You could have no references to it (leading to the created object being garbage collected eventually). You can have 2000 references to it. You could have B b = new B(); A a = b; B b = new B(); A a = b; , and now you have 2 references to it, one of type A and one of type B . But they are pointing to the exact same object.

Thus, person isn't an object, it's a reference. And that reference has type A , sure, but the object it is referencing is just a B, it isn't 'restricted' to have only A functionality.

You probably know all this, but terminology is important here, as it seems to have led to some confusion. Restating your question with less ambiguous terminology:

The reference "person" currently references an instance of B, but only exposes functionality that A has.

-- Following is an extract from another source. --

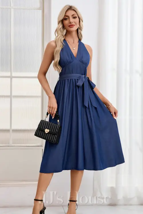 22. A halter-style navy midi dress tied at the waist is perfect for summer lunches or casual social outings.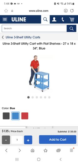 Uline 3-Shelf Utility Cart with Flat Shelves - 27 x 18 x 34", Blue$60Tampa, FL

Yes. And A's functionality is described solely by the signatures present there, not by the code. A's functionality involves having a go() method, which takes no arguments and returns nothing, as well as a move() method with the same rules. And that is all - 'invoking go will actually run the move method', or 'move has no implementation' is not part of that .

Thus, both move() and go() are part of the functionality exposed by A.

The implementation of the functionality has nothing whatsoever to do with the reference type ( A person ) and everything to do with what the reference is actually pointing at ( new B() ). B's implementation of the move() and go() methods specified by A are such that move prints "hello", and go() calls move (thus, prints hello()) - that implementation is inherited from A, but B was free to change that; B however decided not to.

Said more technically:

Java uses something called dynamic dispatch . What that means is that at compile time (ie write time), java figures out if a method you're calling even exists and which variant (if you have move(String a) and move(int a) , that's two methods with the same name, at write time java decides which one you are attempting to invoke), and uses the type of the expression in front of the dot to figure that out. But then at runtime, the actual type of the object that 'the expression in front of the dot' is actually pointing at is used to figure out which actual code to invoke. This always happens and you can't opt out (you can't choose to run A's implementation when you invoke main() . Only B's implementation can choose to not override A's implementation, or to explicitly invoke its supertype's implementation. A user of B's code cannot do that).

Note that static stuff doesn't 'do' inheritance at all, and therefore, dynamic dispatch doesn't apply there.